AMSTERDAM, Netherlands (Nov. 30) - A hospital in the Netherlands - the first nation to permit euthanasia - recently proposed guidelines for mercy killings of terminally ill newborns, and then made a startling revelation: It has already begun carrying out such procedures, which include administering a lethal dose of sedatives.

The announcement by the Groningen Academic Hospital came amid a growing discussion in Holland on whether to legalize euthanasia on people incapable of deciding for themselves whether they want to end their lives - a prospect viewed with horror by euthanasia opponents and as a natural evolution by advocates.

In August, the main Dutch doctors' association KNMG urged the Health Ministry to create an independent board to review euthanasia cases for terminally ill people "with no free will,'' including children, the severely mentally retarded and people left in an irreversible coma after an accident.

The Health Ministry is preparing its response, which could come as soon as December, a spokesman said.

Three years ago, the Dutch parliament made it legal for doctors to inject a sedative and a lethal dose of muscle relaxant at the request of adult patients suffering great pain with no hope of relief.

The Groningen Protocol, as the hospital's guidelines have come to be known, would create a legal framework for permitting doctors to actively end the life of newborns deemed to be in similar pain from incurable disease or extreme deformities.

The guideline says euthanasia is acceptable when the child's medical team and independent doctors agree the pain cannot be eased and there is no prospect for improvement, and when parents think it's best.
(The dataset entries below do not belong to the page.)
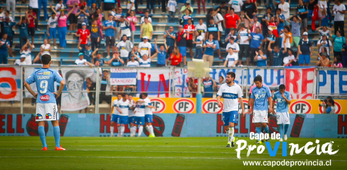 Un día para el olvido: desde el arranque del compromiso el Capo de Provincia se vio superado por el elenco cruzado, quien en retiradas ocasiones generó aproximaciones sobre el pórtico rancagüino, complicando el actuar del once celeste. Sin sorpresas llegó la primera conquista del elenco universitario mediante un certero ‘globito’ de David Llanos (11’), batiendo a un adelantado Jorge Carranza.
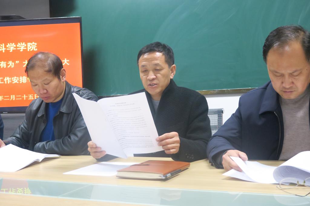 2月25日晚上,我院在04618会议室召开了“改革创新、奋发有为”大讨论动员部署大会。学院全体领导、教职工以及3名学生代表参加了会议。会议由院长张永清主持。
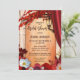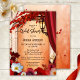 Italien inspirerade inbjudningskort för möhippan med festive Red-blommor på en klassisk Medelhavsbakgrund med en lanter på en romersk båge och färglös höst löv. Baksidan visar färgstarka löv på en målad bakgrund.
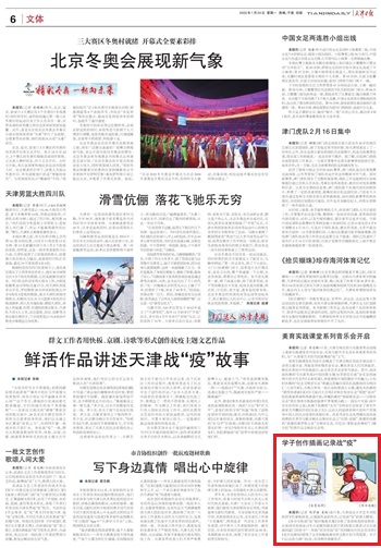 1月22日,学习强国天津学习平台以“beat365英国官方网站学子用插画记录战‘疫’”为题报道beat365官网艺术学院的同学们拿起画笔进行专业创作,以插画作品的形式,记录战“疫”每一帧。1月24日,《天津日报》6版也以“学子创作插画记录战‘疫’”为题进行报道。
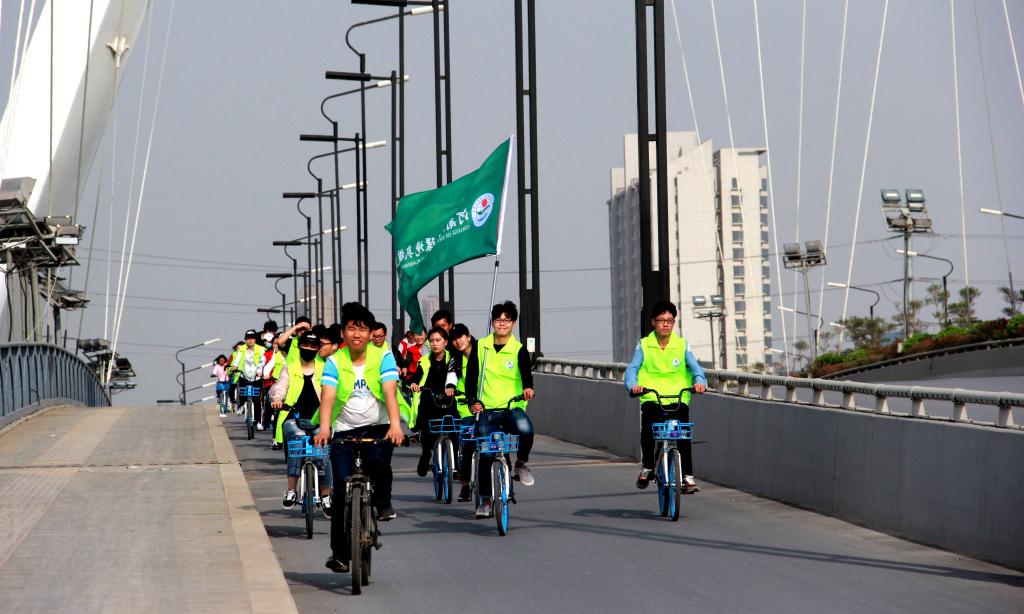 为提倡绿色健康的出行方式,传递节能减排的环保理念,4月15日下午,beat365官网开展以“踏实环保科普‘球’生路”为主题的环保骑行活动。参与本次骑行活动的2016级、2017级学生共七十余人,从beat365亚洲体育在线官网金明校区出发前往开封汴西湖景区,行程近10公里。
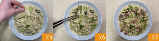 Servieren Sie und garnieren Sie mit dem beiseite gestellten Wirsing 25 und der Wurst 26. Servieren Sie Ihr Wirsing-Risotto mit Wurst sofort 27!

Examples include extremely premature births, where children suffer brain damage from bleeding and convulsions; and diseases where a child could only survive on life support for the rest of its life, such as severe cases of spina bifida and epidermosis bullosa, a rare blistering illness.

The has hospital revealed it carried out four such mercy killings in 2003, and reported all cases to government prosecutors. There have been no legal proceedings against the hospital or the doctors.

Roman Catholic organizations and the Vatican have reacted with outrage to the announcement, and U.S. euthanasia opponents contend the proposal shows the Dutch have lost their moral compass.
"The slippery slope in the Netherlands has descended already into a vertical cliff,'' said Wesley J. Smith, a prominent California-based critic, in an e-mail to The Associated Press.

Child euthanasia remains illegal everywhere. Experts say doctors outside Holland do not report cases for fear of prosecution.

"As things are, people are doing this secretly and that's wrong,'' said Eduard Verhagen, head of Groningen's children's clinic. "In the Netherlands we want to expose everything, to let everything be subjected to vetting.''

According to the Justice Ministry, four cases of child euthanasia were reported to prosecutors in 2003. Two were reported in 2002, seven in 2001 and five in 2000. All the cases in 2003 were reported by Groningen, but some of the cases in other years were from other hospitals.

Groningen estimated the protocol would be applicable in about 10 cases per year in the Netherlands, a country of 16 million people.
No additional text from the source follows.